Я покрутил головой, силясь увидеть тоску и безысходность. Или бандитов со стволами наперевес. Но вокруг был чуть нервный в предновогодней суете Новокиневск. Разруха… Ну да, наверное. Я привык к более классным дорогам, сияющей рекламе, стеклянным шкатулкам торговых центров, которые построят еще нескоро. Но фиг знает. Пушистый снег укрыл от внимательных глаз раздолбанный асфальт. Облупившаяся краска на стенах домов старого города в глаза как-то не бросалась. На лицах встречных — рассеянные улыбки, а в глазах — ожидание чуда.

На перекрестке с Молодежной двое рабочих деловито ваяли из здоровенного кома снега фигуру деда Мороза. Почти доделали, лоск наводили.

Ну да, маловато было новогоднего. До сиятельного блеска всех цветов радуги еще далеко. Но в целом…

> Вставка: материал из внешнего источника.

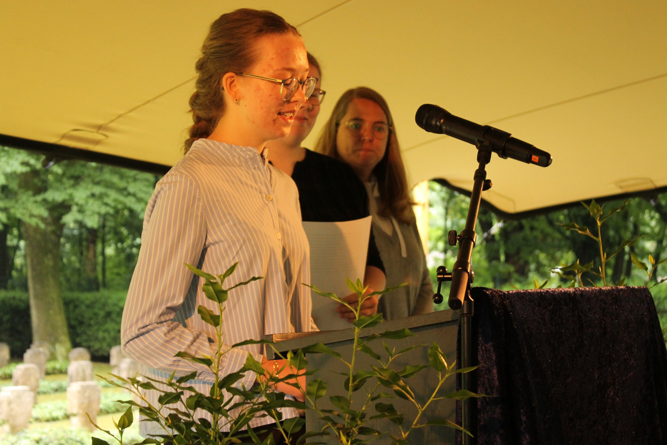 Die Schicksale der Soldaten und Zwangsarbeiter, die auf der Kriegsgräberstätte beerdigt sind, standen auch im Mittelpunkt der Beiträge, die Schülerinnen präsentierten. Chantal Jacobi von der Astrid Lindgren-Schule stellte gemeinsam mit Lehrer Sven Graf drei Biografien vor, während Luisa Kröger, Emma Freese und Lehrerin Katrin Konen-Witzel von der Edewechter Oberschule ein mögliches Schicksal eines jungen Soldaten aus drei verschiedenen Perspektiven schilderten.

Я усмехнулся и сунул нос в шарф. Может быть, это я просто так мысленно спорю со всеми моими «экскурсоводами» по девяностым? Они мне говорили про тлен и разруху, а я, такой: «Какая разруха, а чем вы? Ну да, мишуры поменьше, но предчувствие праздника прямо-таки в воздухе витает! Идите нафиг с вашими фальшивыми елочными игрушками, лживым инструментом в руках хитрых маркетологов!»

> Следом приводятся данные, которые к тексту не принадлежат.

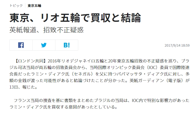 영국 언론 "일본, 도쿄올림픽 유치, IOC 위원 매수" 결론

Даже поймал себя на том, что в голове составляю из слов аргументы и пруфы прикладываю. Мол, вот же, смотрите, мужик тащит елку, замотанную какой-то драной клетчатой тряпкой, кажется, это бывшая рубашка. Лыба такая на роже, похоже, что у него тлен? В мечтах его явно царит селедка под шубой, которую он навернет под бой курантов. Или вот, например, чешет тетка лет пятидесяти. Сосредоточенная такая, сумка руку оттягивает, и она ее то и дело спешит к груди прижать. Из сумки торчит две пары когтистых куриных лап и видно оранжевые бока апельсинов. Добычу тащит. Не улыбается, шевелит губами. Рецепт вкусной запеченой курочки на банке про себя проговаривает? А может стишок повторяет, которым она хочет свою семью с Новым годом поздравить… Вотсапа-то еще нет, не скажешь подруге, чтобы переслала ценную информацию…

Я скользнул равнодушным взглядом по длинному хвосту очереди.

Хмыкнул. Пожалуй, я тоже предвзят, вот что. Наверняка здесь все это есть. И разруха, и безжалостные бандиты. Фигли далеко ходит? Можно подумать, Француз с его ребятами, которых я вижу практически через день, это такой клуб воспитателей детского сада. А по кабакам они шляются исключительно в благотворительных целях. Просто… Хрен знает.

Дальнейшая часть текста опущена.